Tucked away in France’s lush Loire Valley, the Château de Chenonceau reaches over the shimmering waters of the River Cher. Also known as the “Le Château des Dames”, it owes its unique architecture and reputation to a series of influential proprietresses. In the mid-sixteenth century, Henry II’s mistress Diane de Poitiers had the bridge built over the river. His jilted wife, Catherine de’ Medici, added the gallery on top, after Henry’s death from a jousting injury allowed her to kick out her rival. The effect of the whole is enchanting, with the charming château’s white stone walls and towers reflected in the river below.

#2: Edinburgh Castle, Scotland

Brooding over Edinburgh’s Old Town, the oft-besieged stronghold rests on a volcanic outcrop of black rock. In some form or another, the foreboding fortress has guarded the city for the better part of a millenia, and played a key role in the Scottish Wars of Independence. Much of the current castle was built in the sixteenth century, after being damaged during the Marian civil war. Nowadays, museums occupy the interior, while on the battlements, the One O’Clock Gun is fired at 1pm, Monday to Saturday except on Good Friday and Christmas.

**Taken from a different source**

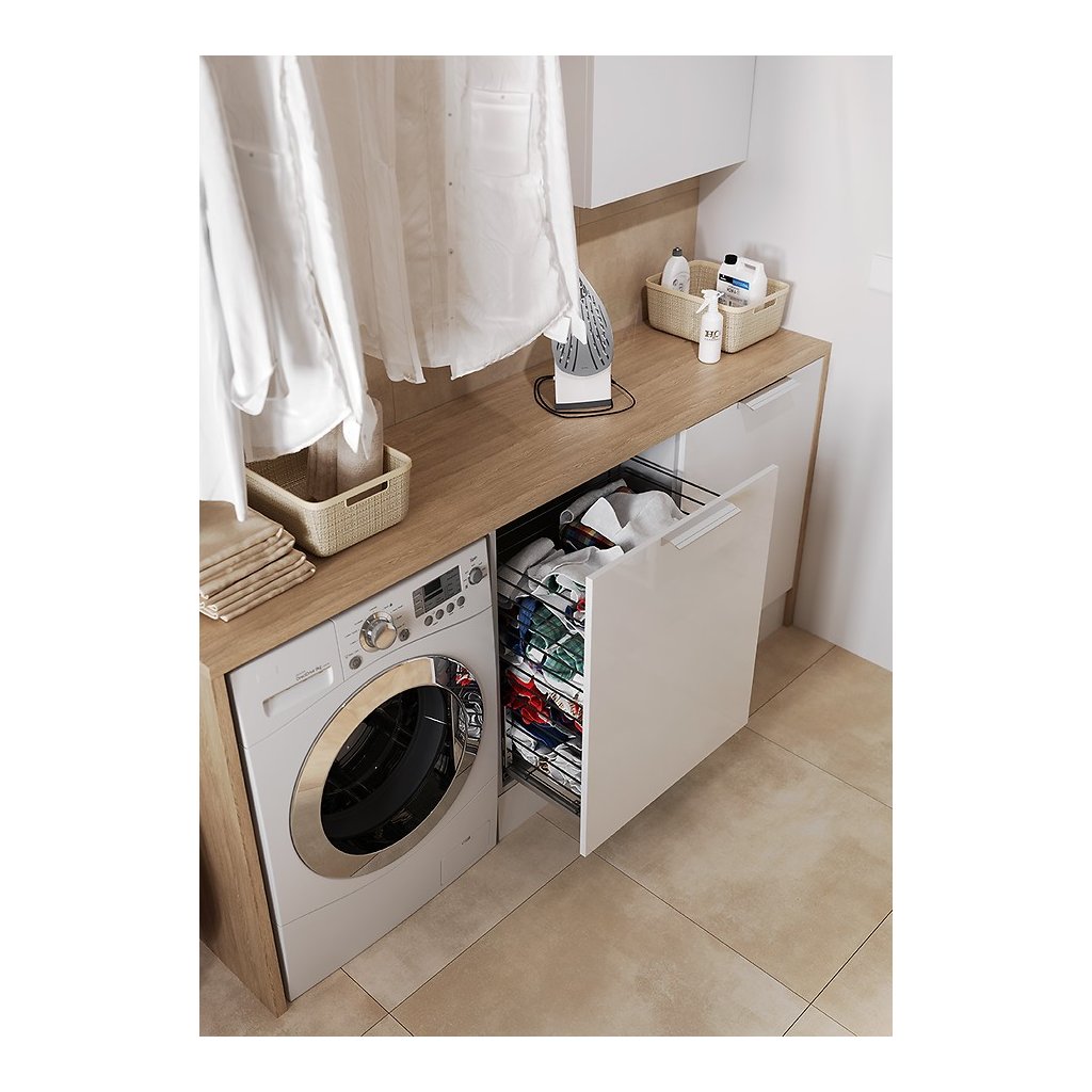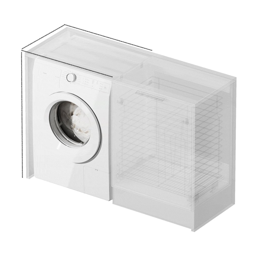 Vstavaná skriňa na práčku s dvierkami sa dokonale hodí k domácim spotrebičom v celkovom dizajne interiéru. Skrinka je vyrobená z bielej drevotriesky.

#1: Schloss Neuschwanstein, Germany

Fanciful and majestic, King Ludwig II’s anachronistic medieval castle is a fervent homage to Germanic mythology and the operas of the ruler’s idol Richard Wagner. When his kingdom became part of the newly formed German Empire in 1871, Ludwig withdrew from public life, and poured his passions and fortune into the construction of elaborate Revivalist castles. Romanesque Castle Neuschwanstein, whose name means “New Swanstone Castle,” is the jewel in the crown, boasting dramatic, soaring towers without, and masterful murals and frescoes, depicting mythological scenes, within. It’s the ultimate fairytale fortress, an enduring love letter to a lost age.